W taki oto sposób udało się mężczyźnie spędzić miłe święta. Na przyjęciu były placki, pierogi, była wódka i kawa tak długo, jak długo trwały święta, a i gości zjechało wielu. 
Ale świąteczna radość trwała krótko.         
Zaraz po Gwiazdce zona stała się jeszcze kłótliwsza i jeszcze bardziej złośliwa. 
W końcu mąż, który już nawet chwili spokoju nie mógł zaznać, pomyślał:  
Dość już tego, muszę się pozbyć tej głupiej baby!     
Kiedy nadeszło lato i pora sianokosów, poszedł gospodarz na łąkę, przez którą przepływała bystra rzeka, a nad nią leżała drewniana kładka. Naciął mostek siekierą tak,że ledwo mógł utrzymać dorosłego mężczyznę.    
Wrócił do domu i rzekł do żony:   
- Mamy wspaniałą pogodę, pójdźmy na łąkę kosić.      
Ruszyli, a kiedy dotarli do rzeki, mężczyzna pierwszy wszedł na kładkę i ostrożnie przeszedł na drugą stronę. Lecz z drugiego brzegu ostrzegł żonę:             
- Przechodź ostrożnie i powoli, i nie skacz, bo wydaje mi się, że kładka jest już słaba i mocno nadgniła.      
- A właśnie, że będę skakać! - krzyknęła baba i z całej siły tupnęła nogą.
W tej samej chwili kładka złamała się, a kłótliwa baba wpadła do rzeki, która uniosła ją ze sobą. 
Rzucił się zaraz mężczyzna w pogoń wzdłuż brzegu, ale pod prąd rzeki, żeby to niby szukać żony. Zauważyli go wtedy inni kosiarze, którzy akurat pracowali na łące i zapytali:           
- Czego szukasz? 
- Swojej żony jedynej, mojej kochanej – odparł mężczyzna – Kładka się pod nią zerwała i żonka wpadła do rzeki – dodał jeszcze.           
- Czego więc, głuptasie tutaj szukasz? - zapytali kosiarze. - Jeżeli wpadła do rzeki, to przecież z prądem płynie!     
- Tak wam się tylko wydaje – odparł mężczyzna – Moja żona całe życie się sprzeciwiała, to i pewnie po śmierci pod prąd płynie.       
Słysząc to, kosiarze pokiwali tylko głowami i pomyśleli:
Pewnie lepiej będzie dla ciebie, chłopie, jeśli już swojej baby nie znajdziesz. 
 
 
 
 
 

 
 
 
 
 
 
 
 
 
 
 
 
 
 
 
 
 
 
 
 
 
 
 
 

1 komentarz:

  1. Coś w tym jest... Jeśli człowiek sprzeciwia się wszystkiemu, co mu daje natura, co w końcu i natura sprzeciwi się jemu.

    Maxuka

    OdpowiedzUsuń

* Każdy Twój komentarz jest dla mnie wsparciem i motywacją. Każdy Twój komentarz uświadamia mnie w przekonaniu, że to, co robię, nie schodzi na manowce :)

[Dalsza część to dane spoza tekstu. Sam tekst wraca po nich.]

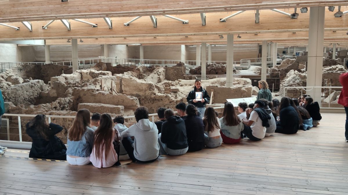 Την τέταρτη ημέρα, επισκεφθήκαμε τον Αρχαιολογικό Χώρο του Ακρωτηρίου, έναν από τους σημαντικότερους προϊστορικούς οικισμούς του Αιγαίου. Ο οικισμός, που διατηρήθηκε σε εξαιρετική κατάσταση κάτω από τα ηφαιστειακά υλικά της μεγάλης έκρηξης, προσφέρει πολύτιμες πληροφορίες για την καθημερινή ζωή, την οργάνωση, την τέχνη και τον πολιτισμό της προϊστορικής Θήρας. Η επίσκεψη μάς έδωσε τη δυνατότητα να συνδέσουμε την περιβαλλοντική διάσταση του προγράμματος με την ιστορία και τον πολιτισμό του νησιού. Ακολούθησε επίσκεψη στην εντυπωσιακή Κόκκινη Παραλία, όπου παρατηρήσαμε το ιδιαίτερο ηφαιστειακό τοπίο και τους χαρακτηριστικούς κόκκινους βράχους, ενώ στη συνέχεια πραγματοποιήθηκε βόλτα στο Καμάρι. Η εκπαιδευτική εκδρομή ολοκληρώθηκε με την αεροπορική επιστροφή μας στην Αθήνα και κατόπιν στην Ύδρα.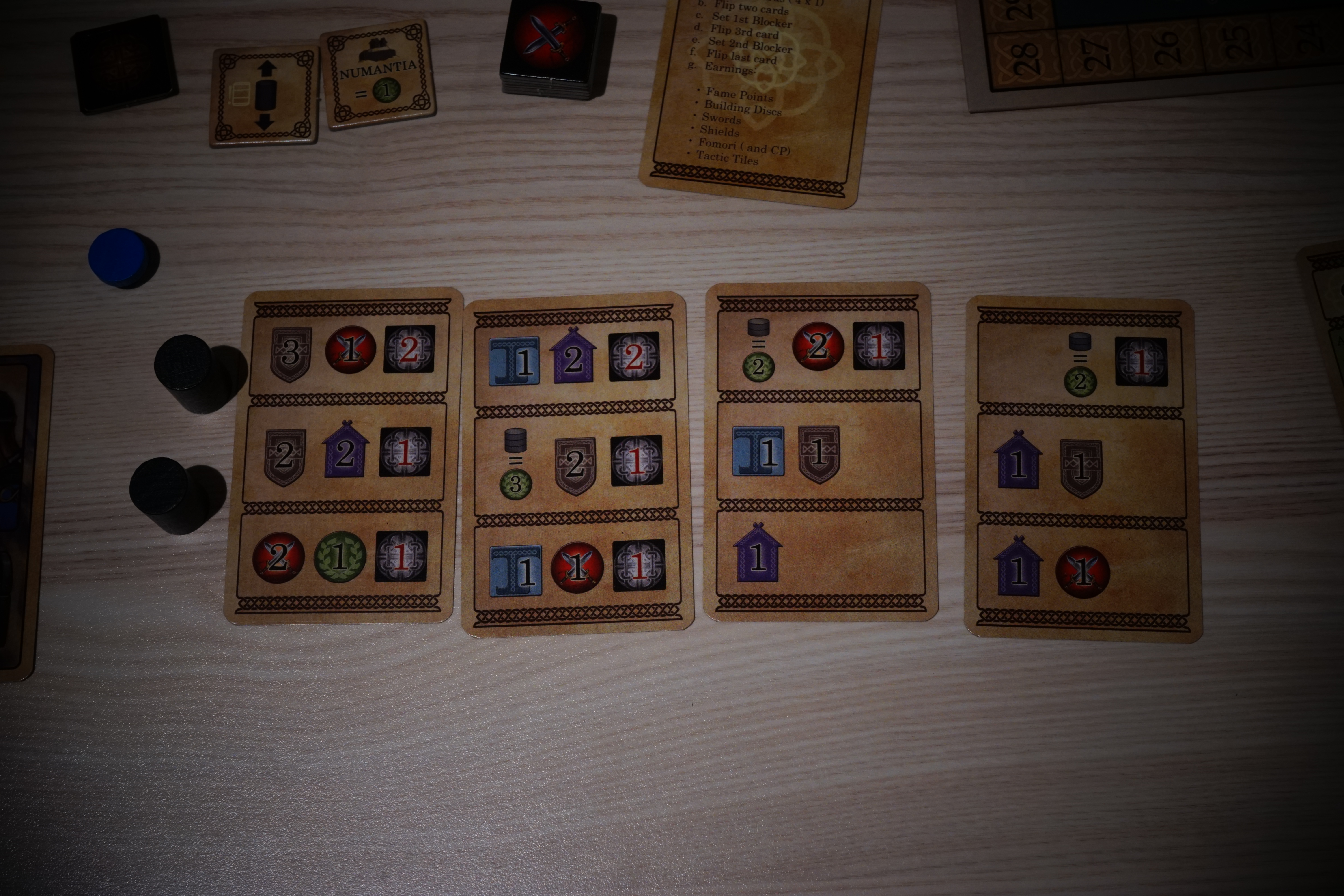 + Ce degré d’incertitude lorsqu’on sélectionne la ligne à supprimer. En effet, on élimine une rangée avec 2 cartes visibles seulement. On élimine une 2ème rangée après avoir révélée la 3ème carte. La dernière carte est donc inconnue et est révélée quant les choix sont fait. On sait quand même que la première rangée sera riche en symboles divers mais aussi en nombre d’ennemis qui arrivera en jeu. Alors que la troisième offrira moins de symboles mais limitera aussi l’apparition des ennemis venant du nord. Cela influencera bien évidemment nos choix mais peut ne pas convenir à ceux qui préfèrent éviter le hasard de cette mécanique;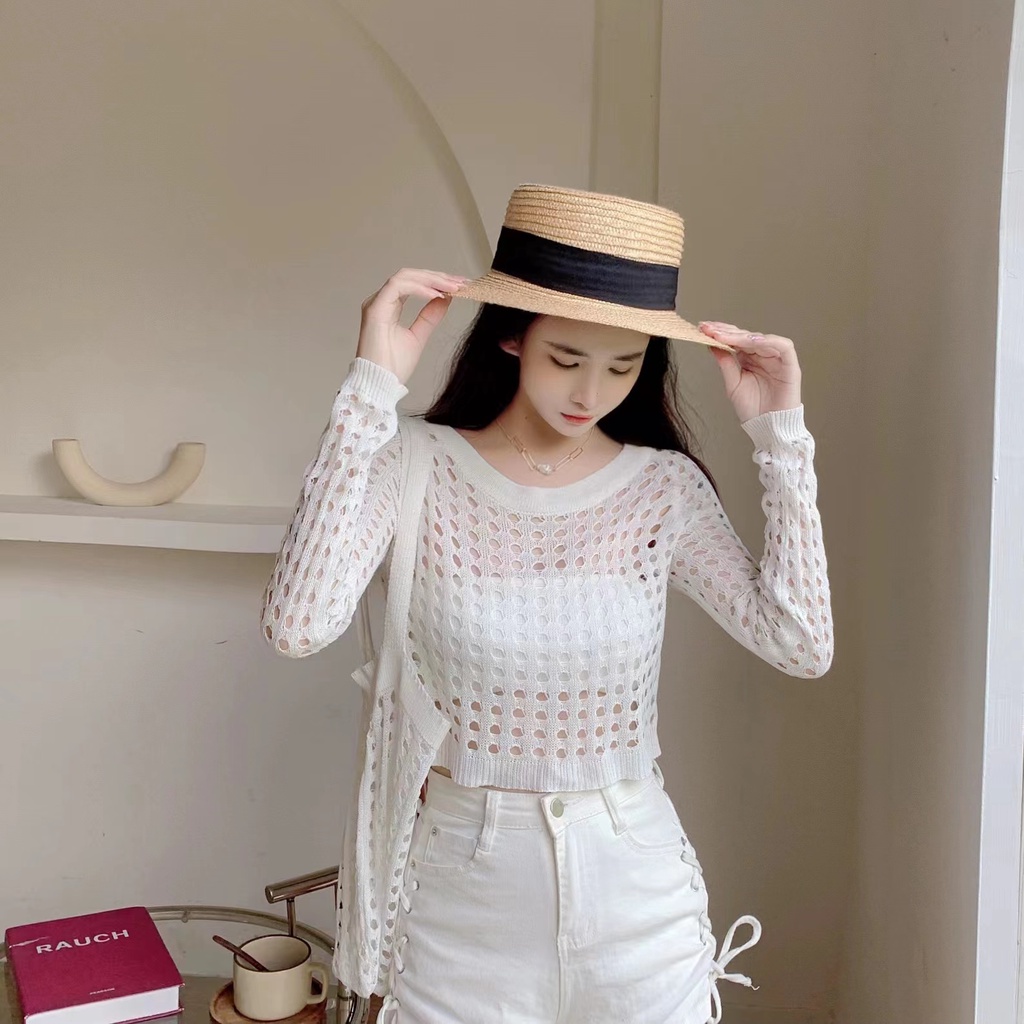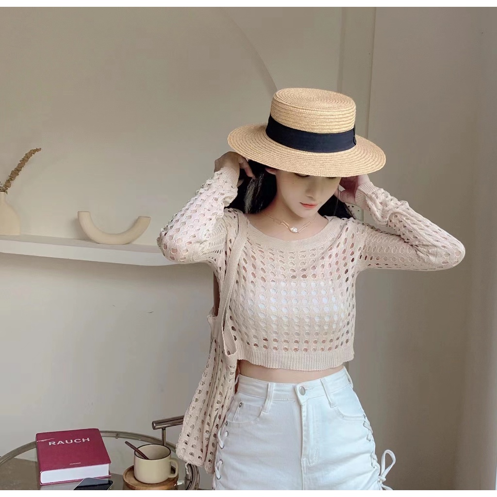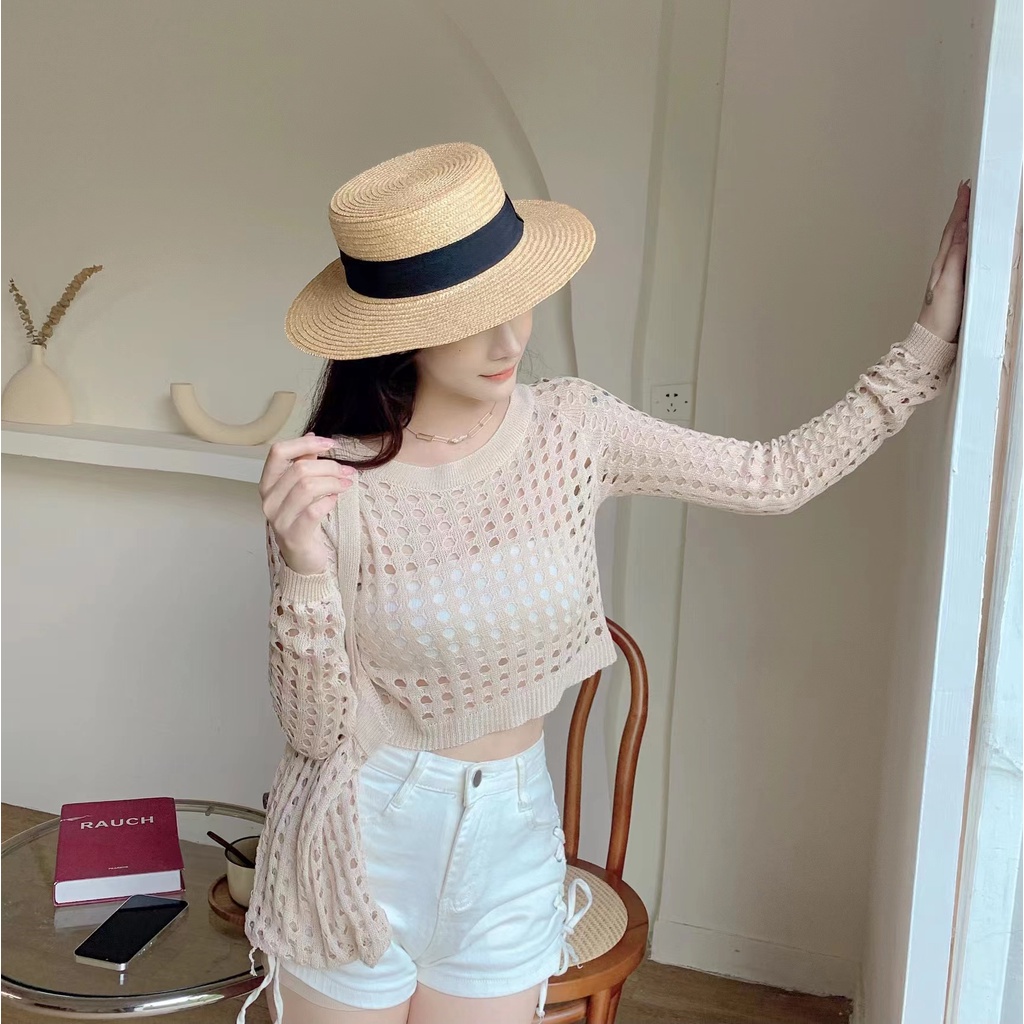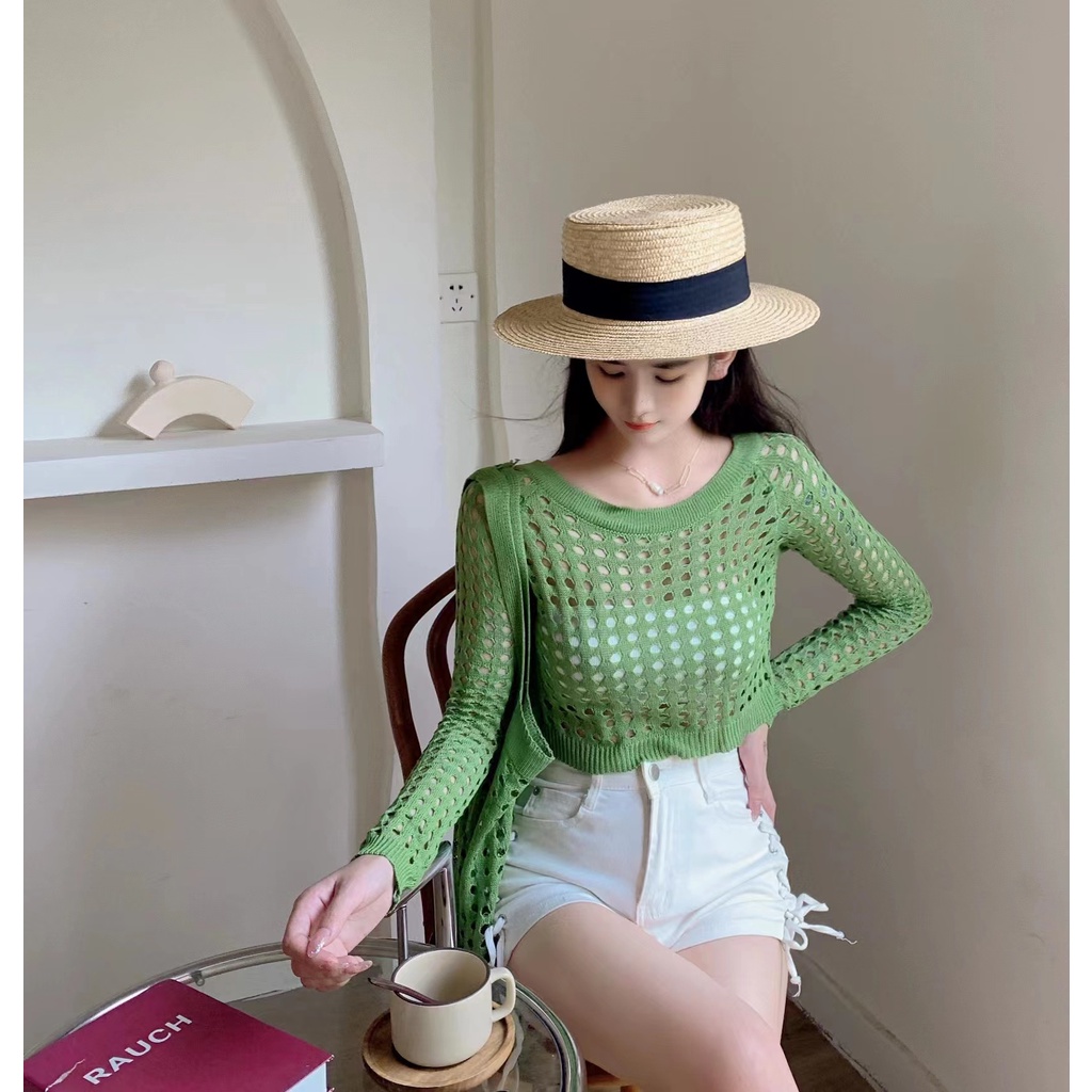 Cicishop (SALE TT2165)KnitTop+Bag Set เสื้อไหมพรมถักโครเชต์กิมมิคตาข่าย จับคู่แมตช์กระเป๋าข้าง สไตล์สายเกา

** Komentarze muszą być pisane cywilizowanym językiem, z szacunkiem do Stwórczyni Bloga - nie chcę jednak widzieć tu pokemonów i ich kumpli.

*** Staraj się aby Twoje komentarze były bardziej rozwinięte i nie ograniczały się do słów ,,Ładne obrazki/Cudny blog/Ładny blog”.

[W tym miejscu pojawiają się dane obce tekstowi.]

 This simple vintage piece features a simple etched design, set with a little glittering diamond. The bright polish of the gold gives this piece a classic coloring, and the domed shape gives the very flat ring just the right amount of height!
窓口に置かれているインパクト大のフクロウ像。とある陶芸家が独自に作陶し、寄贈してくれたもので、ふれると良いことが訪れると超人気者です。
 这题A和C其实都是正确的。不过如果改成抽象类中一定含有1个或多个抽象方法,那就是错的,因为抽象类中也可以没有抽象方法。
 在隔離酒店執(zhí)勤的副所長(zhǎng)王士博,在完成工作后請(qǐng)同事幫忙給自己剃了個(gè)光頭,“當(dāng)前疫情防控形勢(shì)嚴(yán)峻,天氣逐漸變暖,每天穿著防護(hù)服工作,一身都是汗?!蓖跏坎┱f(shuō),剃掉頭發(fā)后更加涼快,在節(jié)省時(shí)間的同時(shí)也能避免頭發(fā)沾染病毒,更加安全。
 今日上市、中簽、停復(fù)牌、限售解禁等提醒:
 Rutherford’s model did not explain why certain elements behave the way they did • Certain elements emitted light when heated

**** Jeśli trafiłeś tu tylko po to, aby się reklamować spamem, radzę porzucić ten pomysł - nie licz na to, że nabiję Ci statystykę. W moich zasadach blogowania liczy się uczciwość.

***** Zdarza się, że odpowiadam na Wasze komentarze. Może wywiązać się fajna dyskusja :)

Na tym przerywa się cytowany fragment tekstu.